*** Information supplied Section Begins ***
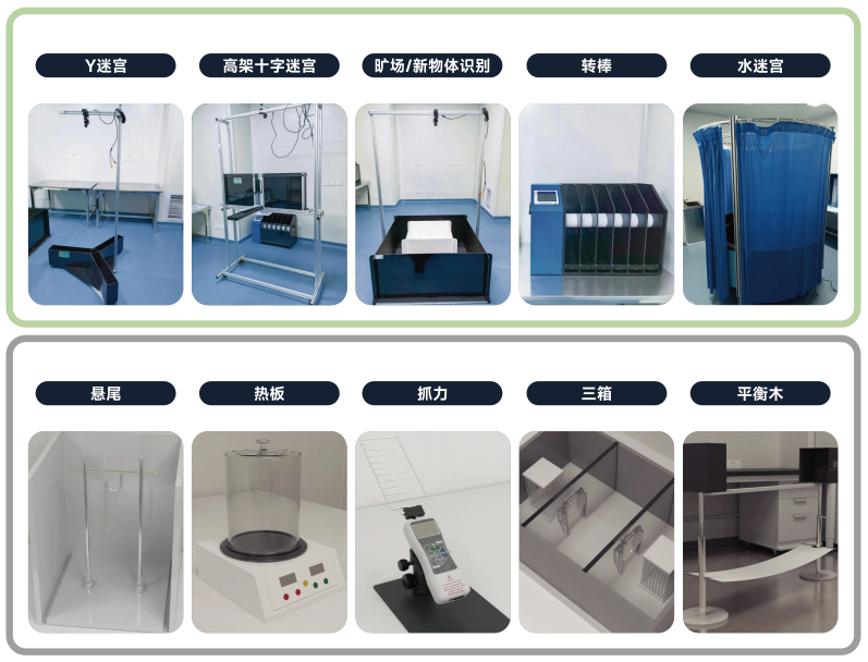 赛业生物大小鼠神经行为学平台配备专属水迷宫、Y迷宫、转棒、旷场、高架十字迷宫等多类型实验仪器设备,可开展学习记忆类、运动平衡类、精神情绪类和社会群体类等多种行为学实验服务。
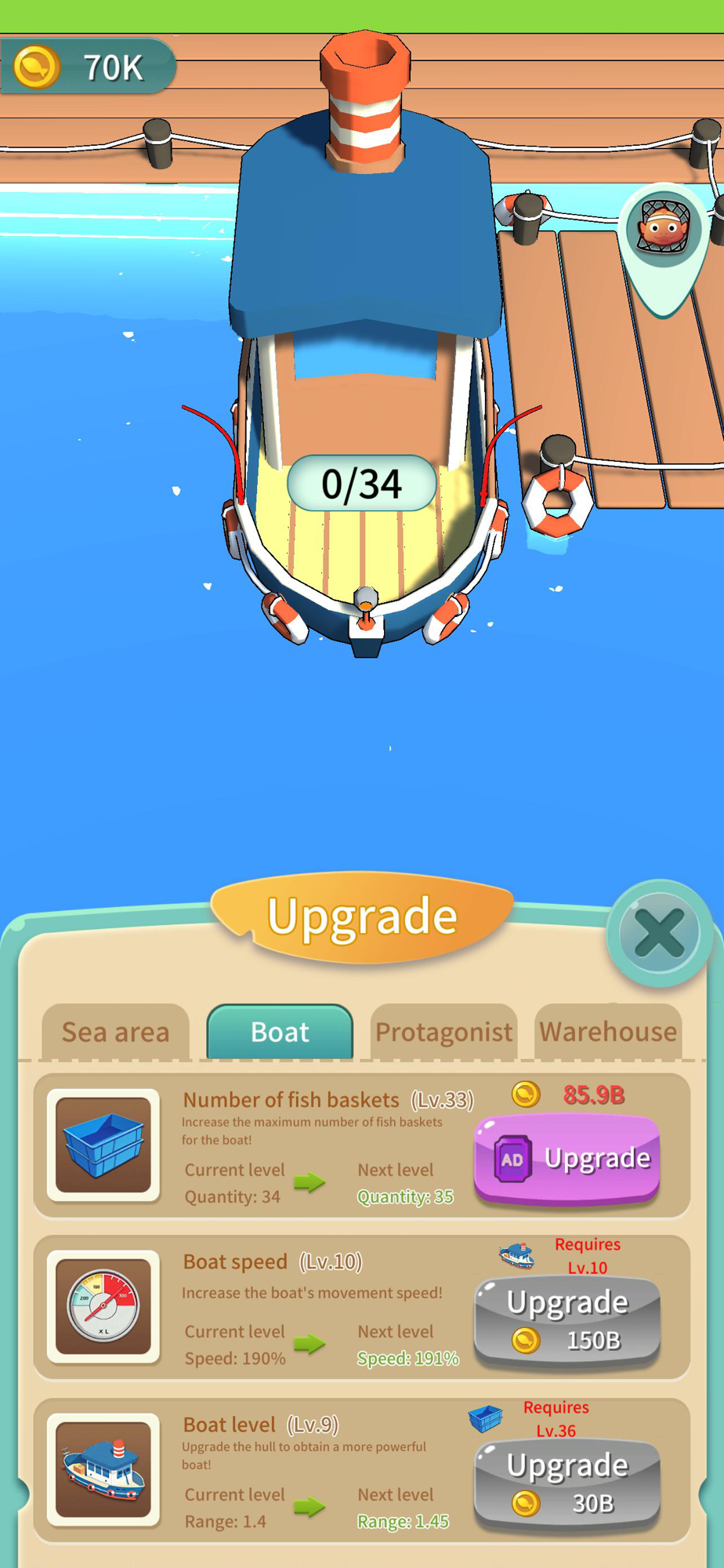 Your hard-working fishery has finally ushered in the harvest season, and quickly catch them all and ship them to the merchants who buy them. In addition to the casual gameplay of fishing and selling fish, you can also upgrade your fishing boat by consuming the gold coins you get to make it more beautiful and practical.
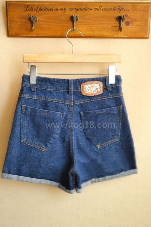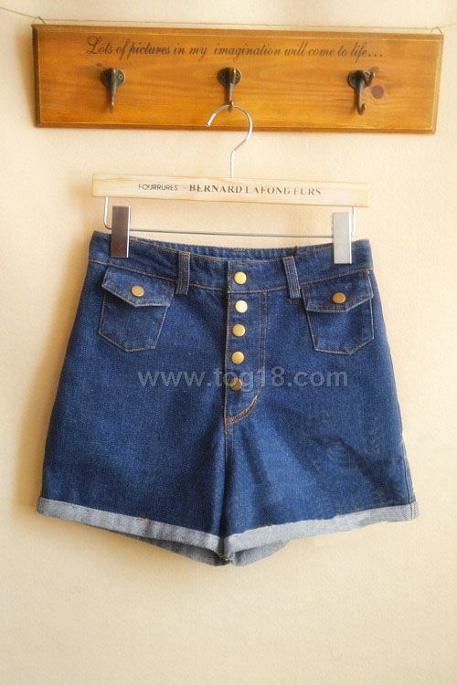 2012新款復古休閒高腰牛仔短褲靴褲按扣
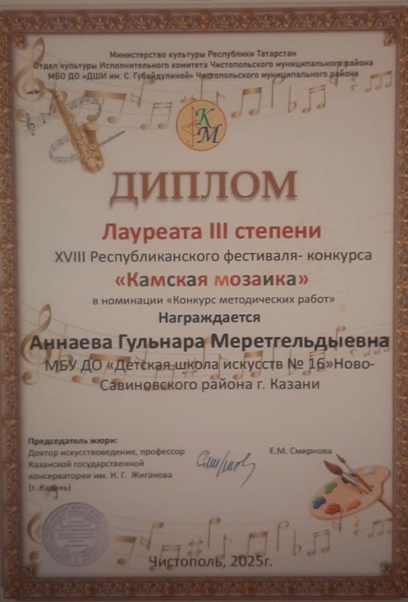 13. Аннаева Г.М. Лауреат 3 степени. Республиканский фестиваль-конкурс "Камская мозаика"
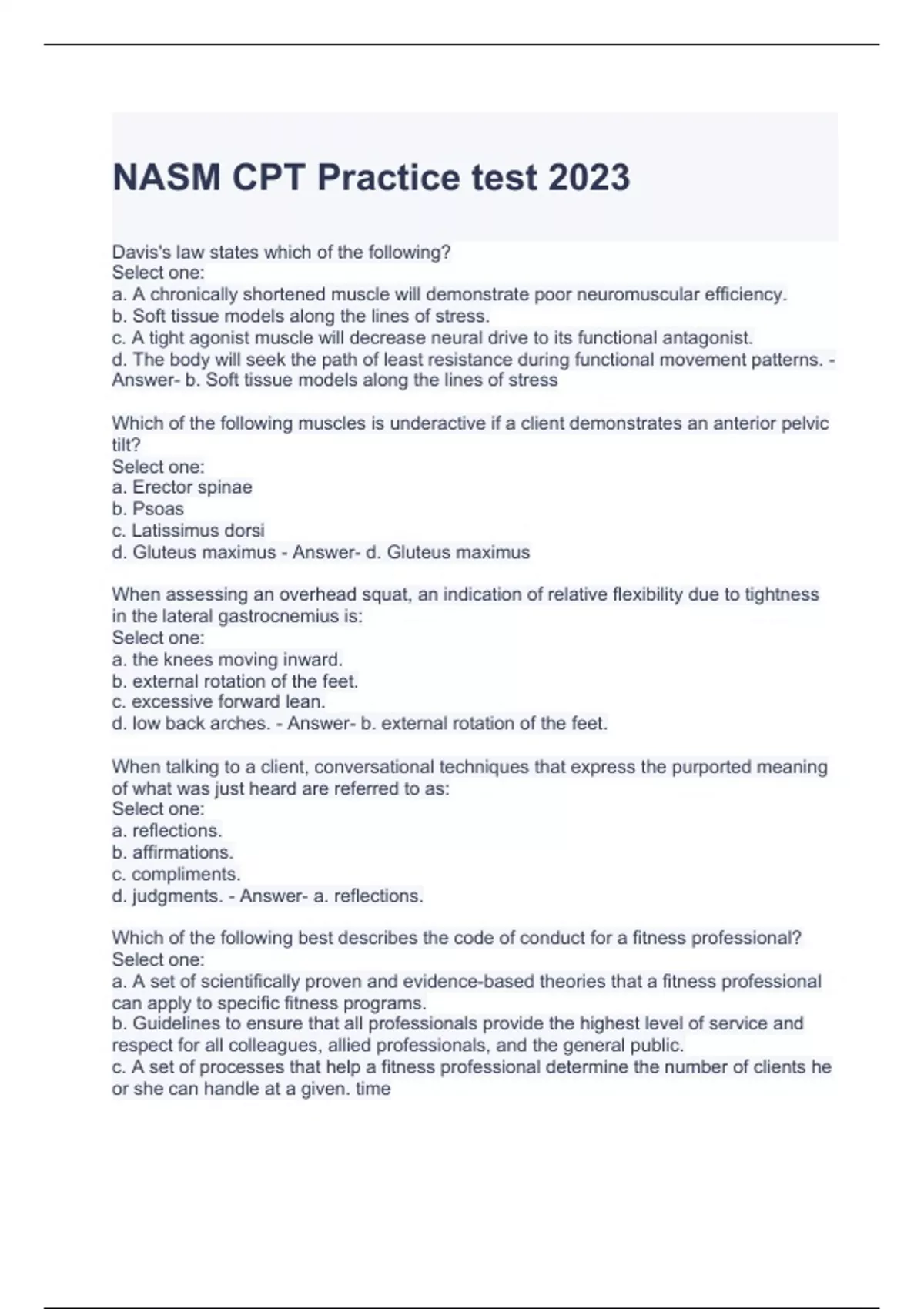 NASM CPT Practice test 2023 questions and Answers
*** Information supplied Section Ends ***
-- Work instructions --
Please give the data again unaltered, leaving out any images.

-- Exercise solution --
 赛业生物大小鼠神经行为学平台配备专属水迷宫、Y迷宫、转棒、旷场、高架十字迷宫等多类型实验仪器设备,可开展学习记忆类、运动平衡类、精神情绪类和社会群体类等多种行为学实验服务。
 Your hard-working fishery has finally ushered in the harvest season, and quickly catch them all and ship them to the merchants who buy them. In addition to the casual gameplay of fishing and selling fish, you can also upgrade your fishing boat by consuming the gold coins you get to make it more beautiful and practical.
 2012新款復古休閒高腰牛仔短褲靴褲按扣
 13. Аннаева Г.М. Лауреат 3 степени. Республиканский фестиваль-конкурс "Камская мозаика"
 NASM CPT Practice test 2023 questions and Answers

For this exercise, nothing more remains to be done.